In some ways that's how I see the difference between these male "fantasy" characters like James T. Kirk and Sherlock Holmes and Batman and the much more real female protagonists of, say, Jane Austen.

Mike Dennis said...

Scott--
There are several characters and situations I can think of offhand who would automatically preclude updating (defined as "why bother?"). Here is my Top 10 List:

1. Rick Blaine
2. Don Corleone
3. Harry Fabian (updated and failed)
4. The two leads in "Double Indemnity"
5. Charles Foster Kane
6. The situation in "The Invasion Of The Body Snatchers" (updated several times and failed every time)
7. Tony Montana (rare case where the update surpassed the original and eliminated the need for further updates)
8. Spartacus
9. The situation in "The Lost Horizon" (updated and failed)
10. Fast Eddie Felson (updated and failed)

I'm sure there will be disagreement, but this is my list.

Ed McKeogh said...

I know I'm asking for it, but here goes...

Sam Keen, in his book YOUR MYTHIC JOURNEY, quotes Joseph Campbell as saying (and I'm paraphrasing here) that a woman's "heroic journey" is childbirth--something unique to her gender that men cannot do. So men, having no intrinsic, gender-dependent identity-affirming purpose have to "create" one, hence the gobs of myths that speak to the rite of passage from youth to manhood and the assumption of SOME task that infuses--and validates--his life with meaning. Such rites of passage require mentoring, hence the arrival in those stories of a wise old teacher who is often an older man but, sometimes, an older woman (such as the warrior women in certain Scandanavian myths).
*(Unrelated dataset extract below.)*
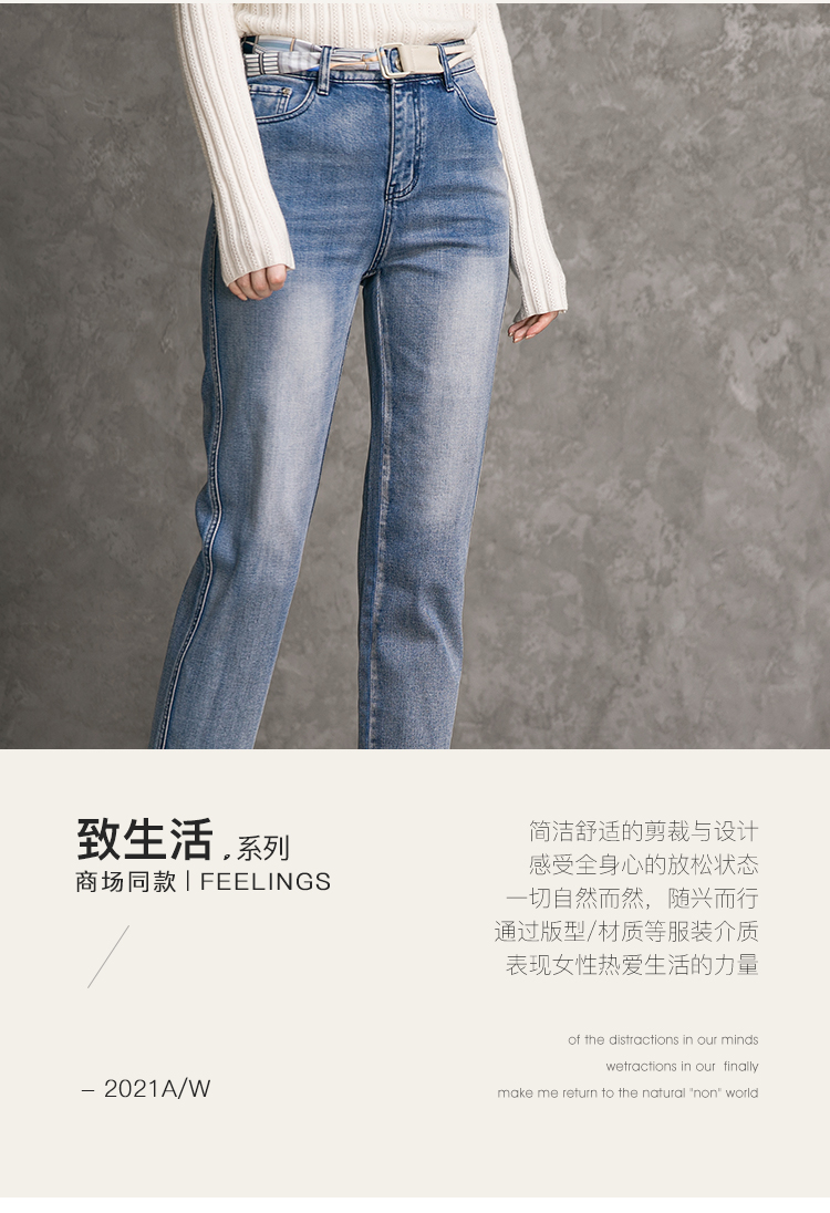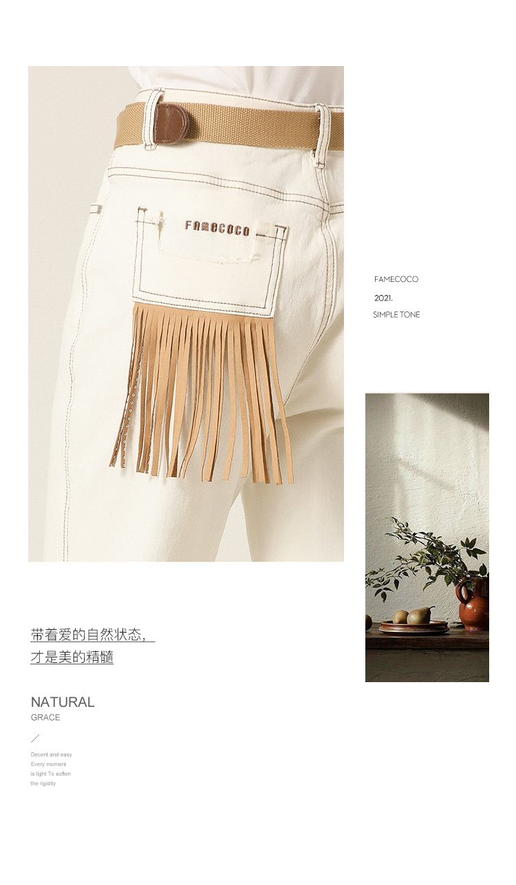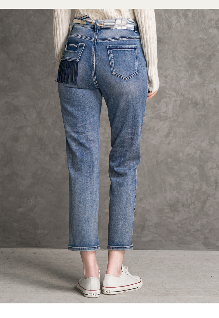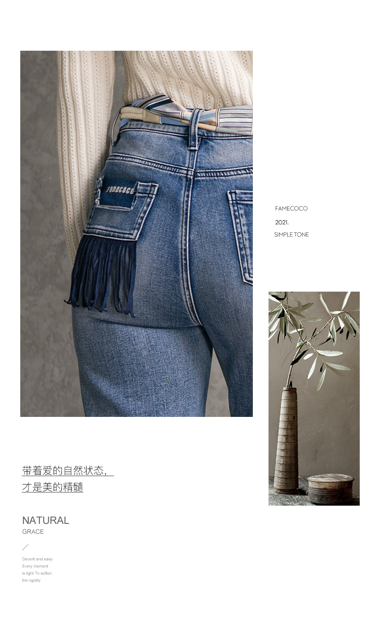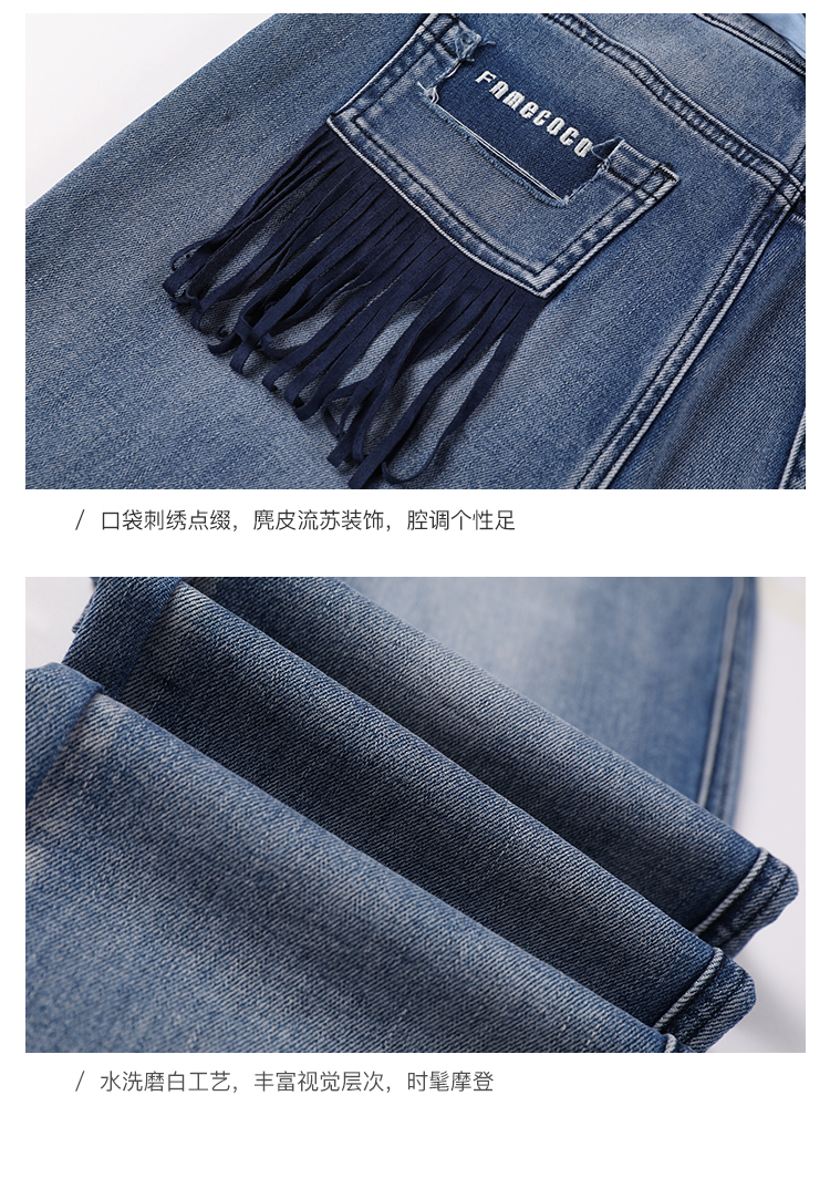 famecoco范可儿纯棉牛仔裤女秋季刺绣设计感直筒裤长裤D216GA303

That's why the Hero with a Thousand Faces is, in 99% of cases, male.

WHICH IS NOT TO SAY THAT WOMEN CANNOT DERIVE ENLIGHTENMENT FROM THESE MYTHS AND ALSO PURSUE A VALIDATING JOURNEY BESIDES OR IN ADDITION TO MOTHERHOOD. It's just that is hasn't been until the last half-century or so that motherhood, itself, has lost its luster for so many women ... at least in some Western cultures.

Dana King said...

Thank you for this: "When, in the last thirty-odd years, did it become important that we, as a society, must not be put out and have to wait for something just because a store was closed?"

There's something wrong if the American economy can't sustain a handful of days a year without commerce so the people who work there can spend time with their families.

We have a rule at my house: certain holidays (Thanksgiving, Christmas, New Year, Memorial Day, Independence Day, and Labor Day), if we don't have it, we'll do without it until tomorrow.